When kids go off to college they don’t have the skills to handle the inevitable bumps in the road. We are unintentionally fueling failure to launch, by keeping our kids dependent on us.  This resisting true independence is reflected in teens not wanting to race to the DMV on their 16th birthday to get their license. They instead are calling Lyft or Uber, climbing in the back seat, and letting GPS and the driver do the work. These kids are growing up comfortable being the passenger instead of the pilot. They get from place to place, but do it all without honing any skills that build independence.  
 
Overuse of electronics has also contributed to rise in anxiety. Dr. Berman predicts that we will look back at this time when we allowed our children so much screen time and ask, ”what were we thinking?” She analogized this era of child’s electronic use to the era when we thought it was cool to smoke. It was only a matter of time when we realized smoking had deadly effects.
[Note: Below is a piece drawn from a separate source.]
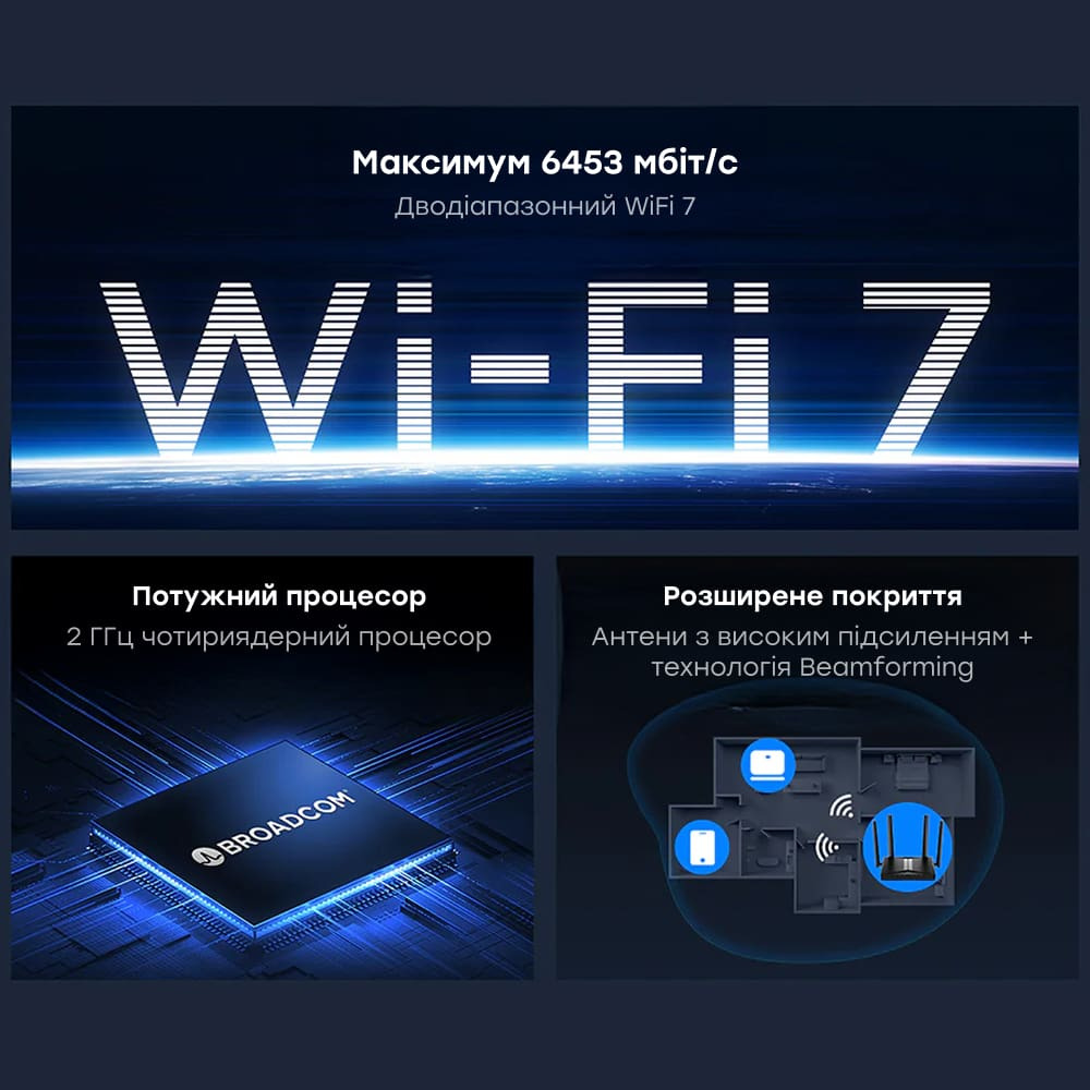 Дводіапазонний WiFi 7 Mesh гігабітний маршрутизатор; WiFi-стандарти 802.11be/ax/ac/a/b/g/n; 5760 Мбіт/с на 5 ГГц + 688 Мбіт/с на 2.4 ГГц; порти: 1 WAN 2.5G, 4* LAN 10/100/1000 Мбіт/с; ширина каналу: 20/40/80/160 МГц; можливість підключення до 200 пристроїв; 4-ядерний процесор ARM Cortex-A7 2 ГГц; 6 фіксованих антен: 5.27dBi (5 ГГц), 5.19dBi (2.4 ГГц); режими WiFi-маршрутизатор / Mesh / розширювач / AP – точка доступу / WISP; MLO, MRU, Puncturing, MU-MIMO, OFDMA, Beamforming; DDNS; VPN клієнт PPTP / L2TP / OpenVPN / WireGuard / IPsec; підтримка сервісу Zerotier; DNS через CloudFlare / Quad9 / Google; IPv4/IPv6, безшовний роумінг; WPA3; протоколи віддаленого керування TR069 / TR098 / TR111 / TR181; живлення 12 В/1.5 А, блок живлення у комплекті; робоча температура 0°C~+40°C; розміри 253 / 152.5 / 48.2 мм; вага 580 г

She believes with time electronics will come with warnings about addiction.
 
Excessive video game playing (even the non- violent ones) are designed to cause addiction. There are many studies showing a decrease in attention, empathy and increase in addiction with excessive electronic use. Electronics also tie children to their parents with an electronic leash, and to friends through social media. Constantly checking your Instagram/Snapchat trying to shore yourself up with likes also fuels anxiety. Dr. Berman said that our kids experience ROMA, the “reality of missing out,” when they see a birthday party they missed plastered on Facebook and Instagram. Retreating to home, away from the school social environment, no longer exists with social media, eroding the protective barrier of home and the outside world.
 
Finally, parents today seem skittish about asserting their parental power and assuming their rightful place as captain of the ship. The parental hierarchy has flip flopped, leaving kids with too much power. It is unsafe for a child to have that much power. Parents have become their kids’ personal concierge service. What do you want? How? When? Can I fix you something different? Parents seem to be tap dancing faster and faster to please their kids. This also contributes to anxiety, because kids are again not learning distress tolerance.  Children need clear rules, limits, and boundaries to feel safe.
 
What Next?

What can we do, and is it too late? “No! Parents are human and well meaning,” Dr. Berman said. “When there is rupture, follow it with repair. ‘I am so sorry I made a mistake, and I am going to change how we do things moving forward.’”
 
Listen to your children’s problems, but try not to fix them. (We don’t really have the power to fix them anyway.) Phrases like, “tell me more about it,” and ”I so understand how that must feel terrible,” with “I know you will figure it out,“ can be a balm to your child’s discomfort. Validating our children’s feelings is powerful. Everyone, children included, yearns to be seen, known, and truly understood. After hearing your child you can express confidence in their ability to work it out. Give your kids your faith and confidence in them.
 
A good parent should work themselves out of a job. And ultimately, all of us—kids included—want to be understood, not fixed.